I think most of us are grown up enough and manager-weary enough after so many failures to have an objective, non-hysterical discussion about this - perhaps, for you, there are still reasons to be positive and you've reasoned with yourself that injuries, bad luck, a patchy period or what have you are the source of our woes, which you [truly] believe are temporary? Perhaps, you still believe in us picking things up and attaining either 4th or the Europa to qualify for next season's Champions League, or, the old, very United traditional faith and focus on the kids developing consoles you?
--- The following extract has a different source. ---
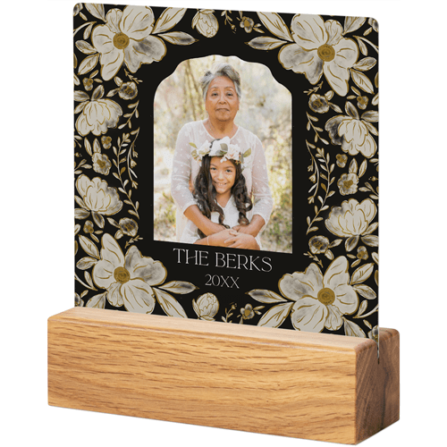 Dark Floral Frame​ Tabletop Metal Print

For myself, the worry, as I've posted up threads about in the past, is overspill - where the lack of planning and contingency from the disastrous season immediately carries over into the new one is becoming one of the biggest concerns. Now is the time to bed [some] new players and/or staff, during the period of little to no expectation, so that they can get themselves up to speed with the league (if they've come from elsewhere), their surroundings under less scrutiny and pressure with the hope they're some way down the line to being bedded in and ready to go by the times August, and the new season, rolls round. Any new manager gets a period to look at the squad this way, too, and make calls with certainty on who does and does not fit his vision for the supplemental players in the team he wants to start his season with whilst having a clear idea of what's needed for the summer window, too.
This thread might be seen as premature given we've Liverpool and a return leg vs City plus the replay vs. Wolves on the horizon, and not least, the Europa campaign still to go, but how many proverbial cuts from the thousand are needed for you to feel as though things need to be put to bed now? How was it for you with Moyes, LVG or Mourinho? Did it only kick in once we were out of the cups, or when 4th was a mathematical impossibility, or is it for you like it is for me, where if the games feel like Groundhog Day, you've felt like that's enough now? I don't care for the Ole in/out hokey cokey fractious civil war on here, nor do drubbings particularly influence me, but I find it galling when the opposition have no regard for us, almost to the point where the threat is seen as so miniscule that they've switched off, mid-game, assured it's over - at that point when you look at your own team and can see where they're coming from, I know I've reached the end of my tether.
tl:dr: When is enough for you - what are your personal triggers that say a manager's time is up?